Two million e-mails are sent every minute in the UK. That is almost three billion each day. But what is the real cost of this information overload?... A recent study found one-third of office workers suffer from e-mail stress. And it is expensive, too. One FTSE firm estimated that dealing with pointless e-mails cost it £39m a year.
…
Ray Tomlinson, … [the person] responsible for the e-mail revolution…: “Spam is a problem... there just seems to be an endless stream of it.”

Professor Cary Cooper (who advises the government on stress in the workplace): “For me, e-mail is one of the most pernicious stressors of our time.”

Loughborough University's Dr Tom Jackson … has five tips he believes can help you take control of your inbox:

Invest in a spam filter…
Target your e-mail. (Does everyone in the cc box really need to be copied in on your words of wisdom?)
Write more carefully.
Reduce interruptions.
Get training.

You can read the full article here.

*nickel’s advice:*







If you are using Outlook Express, try this layout: three panes (folders, contacts and message titles).

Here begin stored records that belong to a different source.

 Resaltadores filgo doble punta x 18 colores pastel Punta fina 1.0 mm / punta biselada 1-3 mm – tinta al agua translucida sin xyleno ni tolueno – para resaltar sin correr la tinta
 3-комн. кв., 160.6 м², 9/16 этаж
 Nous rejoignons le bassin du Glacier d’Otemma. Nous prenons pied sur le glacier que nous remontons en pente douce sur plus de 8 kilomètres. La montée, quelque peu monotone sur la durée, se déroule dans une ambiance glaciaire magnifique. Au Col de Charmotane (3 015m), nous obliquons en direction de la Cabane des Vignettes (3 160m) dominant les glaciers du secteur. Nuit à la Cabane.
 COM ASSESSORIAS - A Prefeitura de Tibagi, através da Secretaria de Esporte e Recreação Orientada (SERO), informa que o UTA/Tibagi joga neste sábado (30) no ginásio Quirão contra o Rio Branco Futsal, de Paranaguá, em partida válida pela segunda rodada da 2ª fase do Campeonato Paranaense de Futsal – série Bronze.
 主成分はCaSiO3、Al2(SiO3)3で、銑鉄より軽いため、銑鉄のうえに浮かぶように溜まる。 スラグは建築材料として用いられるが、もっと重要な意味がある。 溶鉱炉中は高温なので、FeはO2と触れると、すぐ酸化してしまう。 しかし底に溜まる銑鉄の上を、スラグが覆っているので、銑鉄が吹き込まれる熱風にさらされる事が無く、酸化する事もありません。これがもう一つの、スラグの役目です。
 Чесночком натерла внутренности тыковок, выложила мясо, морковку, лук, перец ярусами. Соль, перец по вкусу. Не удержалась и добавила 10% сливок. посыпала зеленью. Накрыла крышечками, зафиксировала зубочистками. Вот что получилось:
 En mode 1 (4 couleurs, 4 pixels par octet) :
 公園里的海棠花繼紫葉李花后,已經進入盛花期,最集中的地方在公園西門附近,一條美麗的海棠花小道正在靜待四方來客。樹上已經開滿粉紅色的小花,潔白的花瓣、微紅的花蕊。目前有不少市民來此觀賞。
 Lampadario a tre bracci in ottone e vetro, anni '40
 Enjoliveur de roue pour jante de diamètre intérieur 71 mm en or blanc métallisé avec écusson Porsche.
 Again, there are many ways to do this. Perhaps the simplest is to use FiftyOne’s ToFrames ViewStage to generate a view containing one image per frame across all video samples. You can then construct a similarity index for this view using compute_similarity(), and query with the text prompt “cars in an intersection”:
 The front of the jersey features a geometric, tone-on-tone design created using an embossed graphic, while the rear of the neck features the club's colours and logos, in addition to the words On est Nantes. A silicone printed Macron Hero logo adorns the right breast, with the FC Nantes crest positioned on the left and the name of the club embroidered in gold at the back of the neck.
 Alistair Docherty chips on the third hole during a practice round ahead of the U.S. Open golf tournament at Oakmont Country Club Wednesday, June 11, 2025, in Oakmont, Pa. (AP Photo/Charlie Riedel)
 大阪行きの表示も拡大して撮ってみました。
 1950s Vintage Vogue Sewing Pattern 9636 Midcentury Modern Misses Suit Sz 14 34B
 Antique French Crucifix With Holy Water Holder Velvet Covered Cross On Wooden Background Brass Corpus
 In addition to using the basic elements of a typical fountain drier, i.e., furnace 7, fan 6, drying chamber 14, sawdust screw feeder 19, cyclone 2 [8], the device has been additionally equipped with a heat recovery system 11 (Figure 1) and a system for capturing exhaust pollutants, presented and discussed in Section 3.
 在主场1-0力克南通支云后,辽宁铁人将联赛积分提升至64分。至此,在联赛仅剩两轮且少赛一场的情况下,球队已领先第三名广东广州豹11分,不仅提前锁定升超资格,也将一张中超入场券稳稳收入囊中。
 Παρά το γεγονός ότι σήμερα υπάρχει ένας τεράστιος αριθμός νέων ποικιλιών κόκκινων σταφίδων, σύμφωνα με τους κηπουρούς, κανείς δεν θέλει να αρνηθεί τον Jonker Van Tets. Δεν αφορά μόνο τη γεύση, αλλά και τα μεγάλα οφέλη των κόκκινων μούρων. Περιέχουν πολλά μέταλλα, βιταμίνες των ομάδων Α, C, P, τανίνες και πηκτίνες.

Go to View > Layout > Preview Pane and make sure _Show preview pane_ is unchecked. Do not click on messages from an unknown sender. What I do: Obvious spam is deleted immediately, otherwise I right-click on the line of the obscure message and go to > Properties > Details > Message source. In this way, I can read the sender’s details and content of the message without actually opening it and activating any hazardous links.


----------